*** Supplied material Section Begins ***

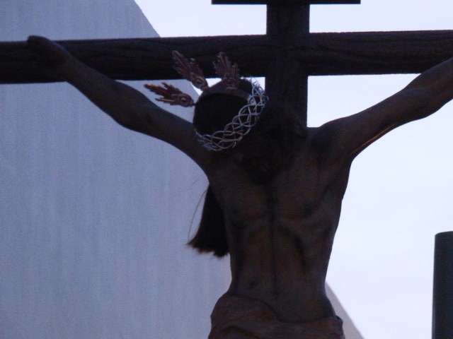 Por cierto, exorno floral pésimo. Sobre todo el del crucificado. Intercala algo en el monte de claveles, yedra, lirios... algo que le de vistosidad; además eché en falta unas jarras a los laterales del Señor, que otras veces ha sacado. Y una última cosa, el paso pide a gritos unos GUARDABRISAS y quitar esos hachones...
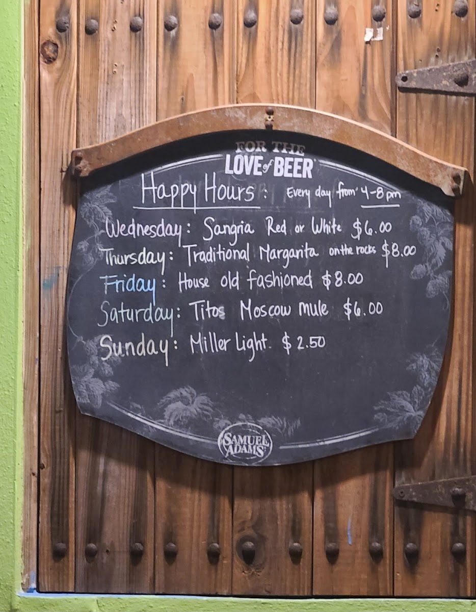 Guests often come for light bites such as fish tacos or spicy crab tacos, ideal for a midday catch-up or an early evening snack. Heartier entrées like the whole fried red snapper with salsa criolla or grilled lobster in butter fit well into a leisurely dinner, especially when paired with a refreshing sangría or classic margarita. The menu also includes some traditional side dishes and desserts, such as mofongo with garlic shrimp and vanilla flan, adding a homely touch to the experience.
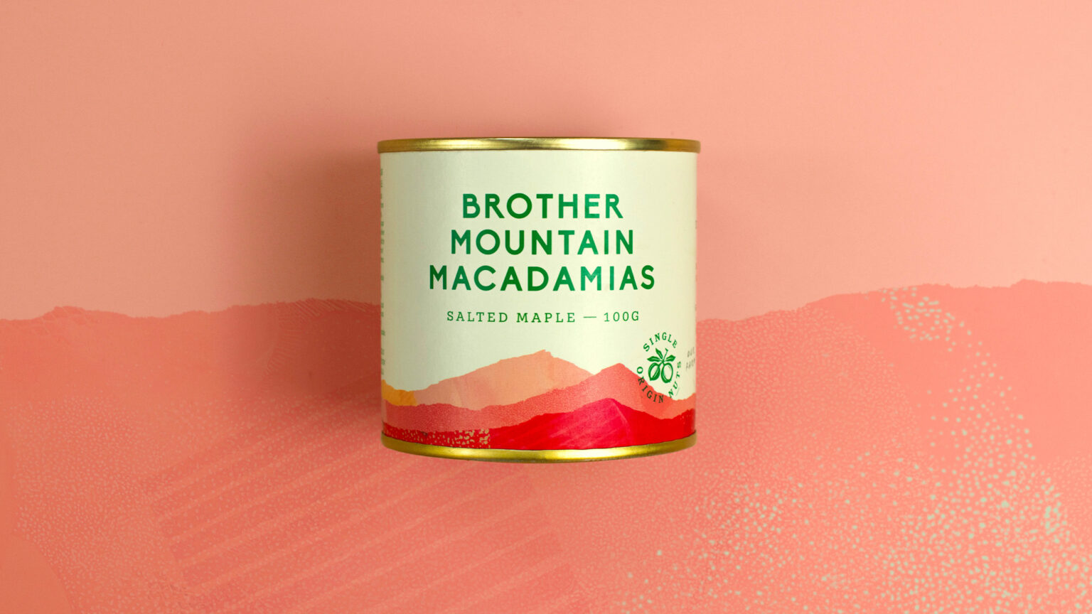 After analysing the existing Brother Mountain Macadamia logo, brand identity and packaging we advocated for a complete refresh which would allow us to create a stronger, more cohesive look that would better align with the strategy.

*** Supplied material Section Ends ***

Your goal – Word for word, restate each line above, minus its pictures.

Output of the task –
 Por cierto, exorno floral pésimo. Sobre todo el del crucificado. Intercala algo en el monte de claveles, yedra, lirios... algo que le de vistosidad; además eché en falta unas jarras a los laterales del Señor, que otras veces ha sacado. Y una última cosa, el paso pide a gritos unos GUARDABRISAS y quitar esos hachones...
 Guests often come for light bites such as fish tacos or spicy crab tacos, ideal for a midday catch-up or an early evening snack. Heartier entrées like the whole fried red snapper with salsa criolla or grilled lobster in butter fit well into a leisurely dinner, especially when paired with a refreshing sangría or classic margarita. The menu also includes some traditional side dishes and desserts, such as mofongo with garlic shrimp and vanilla flan, adding a homely touch to the experience.
 After analysing the existing Brother Mountain Macadamia logo, brand identity and packaging we advocated for a complete refresh which would allow us to create a stronger, more cohesive look that would better align with the strategy.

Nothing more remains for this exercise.